### What to work on
Using the records below, locate all lines containing "Black" and return them.

[Stored data entries]
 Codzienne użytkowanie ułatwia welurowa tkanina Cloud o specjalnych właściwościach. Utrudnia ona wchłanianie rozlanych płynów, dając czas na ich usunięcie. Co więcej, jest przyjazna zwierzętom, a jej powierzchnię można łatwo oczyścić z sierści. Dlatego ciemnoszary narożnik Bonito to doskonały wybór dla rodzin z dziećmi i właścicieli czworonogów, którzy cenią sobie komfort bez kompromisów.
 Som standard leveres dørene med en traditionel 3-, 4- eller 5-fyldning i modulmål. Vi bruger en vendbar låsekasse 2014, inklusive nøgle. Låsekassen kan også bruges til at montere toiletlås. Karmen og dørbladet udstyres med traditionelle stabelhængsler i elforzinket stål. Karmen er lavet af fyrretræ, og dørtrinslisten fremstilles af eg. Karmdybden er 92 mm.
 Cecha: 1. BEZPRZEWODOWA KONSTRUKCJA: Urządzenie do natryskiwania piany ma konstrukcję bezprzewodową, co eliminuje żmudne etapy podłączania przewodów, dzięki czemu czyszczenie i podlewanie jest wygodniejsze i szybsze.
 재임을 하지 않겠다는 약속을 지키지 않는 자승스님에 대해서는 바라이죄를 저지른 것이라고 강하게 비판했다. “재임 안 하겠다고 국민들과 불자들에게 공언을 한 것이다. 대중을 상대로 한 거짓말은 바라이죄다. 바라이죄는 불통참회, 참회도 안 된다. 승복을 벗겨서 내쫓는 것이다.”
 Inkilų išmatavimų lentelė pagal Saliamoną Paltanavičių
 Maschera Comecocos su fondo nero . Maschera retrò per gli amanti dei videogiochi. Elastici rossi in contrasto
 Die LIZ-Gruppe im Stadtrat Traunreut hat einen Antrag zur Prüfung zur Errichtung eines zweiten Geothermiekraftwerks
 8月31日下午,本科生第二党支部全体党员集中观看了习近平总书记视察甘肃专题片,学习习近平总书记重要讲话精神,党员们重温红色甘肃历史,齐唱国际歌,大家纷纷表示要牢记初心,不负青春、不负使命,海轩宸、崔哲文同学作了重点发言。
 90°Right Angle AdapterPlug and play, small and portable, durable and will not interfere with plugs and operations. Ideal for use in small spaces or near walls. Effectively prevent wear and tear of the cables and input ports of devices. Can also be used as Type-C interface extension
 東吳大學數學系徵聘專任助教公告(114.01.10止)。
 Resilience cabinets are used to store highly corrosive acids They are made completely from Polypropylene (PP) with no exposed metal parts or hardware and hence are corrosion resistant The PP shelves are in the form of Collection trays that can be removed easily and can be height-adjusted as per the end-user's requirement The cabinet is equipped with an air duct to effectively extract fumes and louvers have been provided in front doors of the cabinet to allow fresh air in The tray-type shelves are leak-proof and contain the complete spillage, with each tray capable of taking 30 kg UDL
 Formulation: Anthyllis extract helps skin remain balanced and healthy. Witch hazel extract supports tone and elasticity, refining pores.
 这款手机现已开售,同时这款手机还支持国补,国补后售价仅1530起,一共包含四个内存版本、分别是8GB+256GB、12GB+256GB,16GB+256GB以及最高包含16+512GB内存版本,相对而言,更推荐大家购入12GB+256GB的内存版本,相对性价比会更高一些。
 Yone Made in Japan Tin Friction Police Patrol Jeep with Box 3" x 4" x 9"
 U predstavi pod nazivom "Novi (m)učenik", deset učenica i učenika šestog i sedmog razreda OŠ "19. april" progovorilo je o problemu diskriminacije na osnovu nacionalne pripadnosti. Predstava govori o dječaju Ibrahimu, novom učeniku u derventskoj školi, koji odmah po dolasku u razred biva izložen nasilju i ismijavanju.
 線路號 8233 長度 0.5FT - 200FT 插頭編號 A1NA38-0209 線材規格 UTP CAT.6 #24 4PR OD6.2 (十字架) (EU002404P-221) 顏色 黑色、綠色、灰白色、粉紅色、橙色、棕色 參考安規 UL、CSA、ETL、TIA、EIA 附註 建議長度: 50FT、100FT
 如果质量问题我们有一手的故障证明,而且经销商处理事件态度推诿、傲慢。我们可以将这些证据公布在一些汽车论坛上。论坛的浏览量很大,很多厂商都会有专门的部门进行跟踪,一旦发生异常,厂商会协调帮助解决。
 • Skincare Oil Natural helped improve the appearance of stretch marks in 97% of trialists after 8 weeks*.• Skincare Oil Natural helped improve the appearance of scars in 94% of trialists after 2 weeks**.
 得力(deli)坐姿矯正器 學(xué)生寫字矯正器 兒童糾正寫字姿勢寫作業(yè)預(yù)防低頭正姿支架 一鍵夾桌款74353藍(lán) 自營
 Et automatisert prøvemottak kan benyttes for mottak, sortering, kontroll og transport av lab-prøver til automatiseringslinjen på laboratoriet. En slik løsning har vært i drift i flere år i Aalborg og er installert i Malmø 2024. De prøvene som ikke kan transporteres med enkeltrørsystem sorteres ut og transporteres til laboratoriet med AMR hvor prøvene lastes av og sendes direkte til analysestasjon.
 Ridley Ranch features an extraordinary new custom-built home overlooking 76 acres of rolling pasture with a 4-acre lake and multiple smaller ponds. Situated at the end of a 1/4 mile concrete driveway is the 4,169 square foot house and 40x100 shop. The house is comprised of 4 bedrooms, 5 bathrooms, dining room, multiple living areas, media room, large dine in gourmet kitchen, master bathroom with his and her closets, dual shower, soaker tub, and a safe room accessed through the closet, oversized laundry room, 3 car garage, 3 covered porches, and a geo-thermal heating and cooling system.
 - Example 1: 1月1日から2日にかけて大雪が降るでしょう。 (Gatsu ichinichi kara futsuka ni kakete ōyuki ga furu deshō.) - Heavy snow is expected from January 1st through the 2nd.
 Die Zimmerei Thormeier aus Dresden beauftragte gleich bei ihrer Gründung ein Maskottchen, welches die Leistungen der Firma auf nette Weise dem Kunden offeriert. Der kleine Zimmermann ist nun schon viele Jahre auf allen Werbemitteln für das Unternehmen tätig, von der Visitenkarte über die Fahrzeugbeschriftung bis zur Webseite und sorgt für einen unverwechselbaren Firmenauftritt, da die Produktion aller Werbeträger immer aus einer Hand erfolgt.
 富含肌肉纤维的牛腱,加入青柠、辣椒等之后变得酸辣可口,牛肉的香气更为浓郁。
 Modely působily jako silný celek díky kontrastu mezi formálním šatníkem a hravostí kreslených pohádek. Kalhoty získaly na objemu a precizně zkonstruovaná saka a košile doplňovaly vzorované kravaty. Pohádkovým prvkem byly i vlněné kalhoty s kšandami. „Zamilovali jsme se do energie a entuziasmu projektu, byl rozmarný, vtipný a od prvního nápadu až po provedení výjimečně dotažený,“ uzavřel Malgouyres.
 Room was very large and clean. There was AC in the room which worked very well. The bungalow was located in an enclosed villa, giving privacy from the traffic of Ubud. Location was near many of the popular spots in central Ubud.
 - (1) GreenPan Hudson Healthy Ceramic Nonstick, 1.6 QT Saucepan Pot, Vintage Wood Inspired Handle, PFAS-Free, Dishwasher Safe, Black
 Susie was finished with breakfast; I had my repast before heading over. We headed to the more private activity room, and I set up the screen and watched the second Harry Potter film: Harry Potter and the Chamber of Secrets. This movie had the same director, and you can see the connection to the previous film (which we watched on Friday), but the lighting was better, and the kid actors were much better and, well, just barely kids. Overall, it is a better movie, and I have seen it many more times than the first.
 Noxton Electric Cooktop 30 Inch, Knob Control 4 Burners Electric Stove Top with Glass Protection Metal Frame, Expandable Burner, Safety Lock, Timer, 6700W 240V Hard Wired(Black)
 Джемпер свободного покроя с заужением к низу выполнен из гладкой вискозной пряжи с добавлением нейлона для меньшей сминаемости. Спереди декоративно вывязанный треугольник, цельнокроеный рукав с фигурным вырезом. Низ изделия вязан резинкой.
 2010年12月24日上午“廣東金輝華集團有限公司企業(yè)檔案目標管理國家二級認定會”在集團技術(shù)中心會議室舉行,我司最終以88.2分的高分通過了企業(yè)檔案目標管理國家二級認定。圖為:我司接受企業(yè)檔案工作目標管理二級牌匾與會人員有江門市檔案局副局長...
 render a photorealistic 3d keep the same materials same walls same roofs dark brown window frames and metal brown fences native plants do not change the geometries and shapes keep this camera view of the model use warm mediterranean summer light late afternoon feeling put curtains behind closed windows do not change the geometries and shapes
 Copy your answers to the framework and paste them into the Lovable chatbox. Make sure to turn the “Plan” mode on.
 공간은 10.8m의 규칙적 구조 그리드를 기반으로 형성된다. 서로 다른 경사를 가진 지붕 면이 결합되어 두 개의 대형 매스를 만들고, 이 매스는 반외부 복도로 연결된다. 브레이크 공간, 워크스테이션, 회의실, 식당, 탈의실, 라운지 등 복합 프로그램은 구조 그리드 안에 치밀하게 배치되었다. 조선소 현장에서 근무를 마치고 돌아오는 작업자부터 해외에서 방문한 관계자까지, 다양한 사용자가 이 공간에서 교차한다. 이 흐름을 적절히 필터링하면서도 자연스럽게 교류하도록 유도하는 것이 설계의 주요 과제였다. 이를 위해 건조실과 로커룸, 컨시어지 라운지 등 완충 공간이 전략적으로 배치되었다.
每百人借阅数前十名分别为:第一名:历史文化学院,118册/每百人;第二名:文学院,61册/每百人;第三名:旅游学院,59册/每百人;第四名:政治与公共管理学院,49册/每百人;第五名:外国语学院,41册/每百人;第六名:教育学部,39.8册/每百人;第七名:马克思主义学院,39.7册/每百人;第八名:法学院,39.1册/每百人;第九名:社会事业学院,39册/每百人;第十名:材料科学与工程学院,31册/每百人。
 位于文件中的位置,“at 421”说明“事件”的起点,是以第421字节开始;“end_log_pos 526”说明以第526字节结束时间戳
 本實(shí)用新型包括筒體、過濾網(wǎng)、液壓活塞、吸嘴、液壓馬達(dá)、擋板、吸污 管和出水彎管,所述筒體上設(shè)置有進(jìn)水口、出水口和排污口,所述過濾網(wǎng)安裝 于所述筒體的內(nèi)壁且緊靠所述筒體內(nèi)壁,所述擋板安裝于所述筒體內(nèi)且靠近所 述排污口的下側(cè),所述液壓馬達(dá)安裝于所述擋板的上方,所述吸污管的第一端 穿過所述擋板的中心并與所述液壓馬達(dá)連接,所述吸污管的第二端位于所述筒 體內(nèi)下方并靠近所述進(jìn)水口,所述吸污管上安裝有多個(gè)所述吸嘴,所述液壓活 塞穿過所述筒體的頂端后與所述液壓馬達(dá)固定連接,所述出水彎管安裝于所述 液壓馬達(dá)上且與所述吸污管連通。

### Result of the exercise
 - (1) GreenPan Hudson Healthy Ceramic Nonstick, 1.6 QT Saucepan Pot, Vintage Wood Inspired Handle, PFAS-Free, Dishwasher Safe, Black
 Noxton Electric Cooktop 30 Inch, Knob Control 4 Burners Electric Stove Top with Glass Protection Metal Frame, Expandable Burner, Safety Lock, Timer, 6700W 240V Hard Wired(Black)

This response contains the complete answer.